For Acts of Creation, award-winning journalist Walt Harrington travels America to explore the nation’s finest hand craftsmen at work, seeking the magical nexus of craft, character, and mastery that gives birth to a functional work of art – and leaves its maker with a sense of satisfaction, awe and achievement known well to artists across the ages.

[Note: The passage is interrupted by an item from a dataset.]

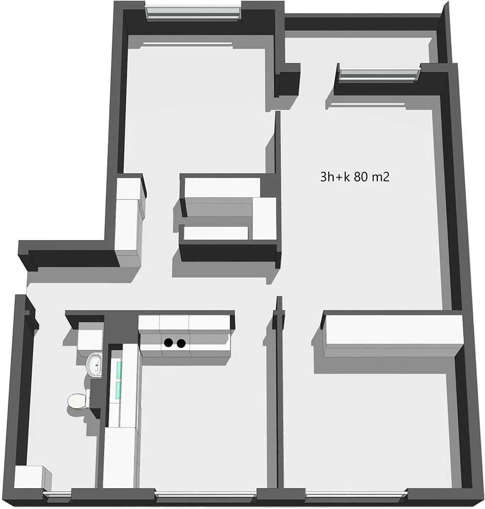 House TU is located right next to the car park. In 2016, major repairs were made. The ventilation systems in the house were renewed and equipped with a cooling system. This, together with the new windows and facades, helps to keep the apartments cooler in summer. All apartments also have a glassed-in balcony facing south.

A builder of monumental fireplaces in Maine. A cabinet maker in Maryland. A millwright in Virginia. A locksmith and a house framer in Ohio. A hardwood floor man in Indiana. A blacksmith in Illinois. A stone carver in California. Not one of these craftsmen believes he is working only to build a house, to renovate a watermill, to build a chair. Each imbues his work with grander purpose — Michael Seward wants the people who buy his furniture to experience an emotional connection; Chuck Crispin wants his clients’ lives to be evoked in his floor designs; Bob Dix believes the history of mankind is played out in the history of locks; Jeff Gammelin wants people to sit before his monumental fireplaces and experience primal memories; Charles Keller wants the highly educated world to appreciate the complicated genius of not only blacksmithing but all fine craftsmen.
The profiles in Acts of Creation help to reclaim the place of craftsmanship in a consumerist era that places higher value on profit and branding then it does on dedicated excellence. It reminds those of us who work at terminals all day of the glory of physical labor done with the hands and guided by the spirit and the heart. These craftsmen offer not only lessons about craftsmanship, but also about life.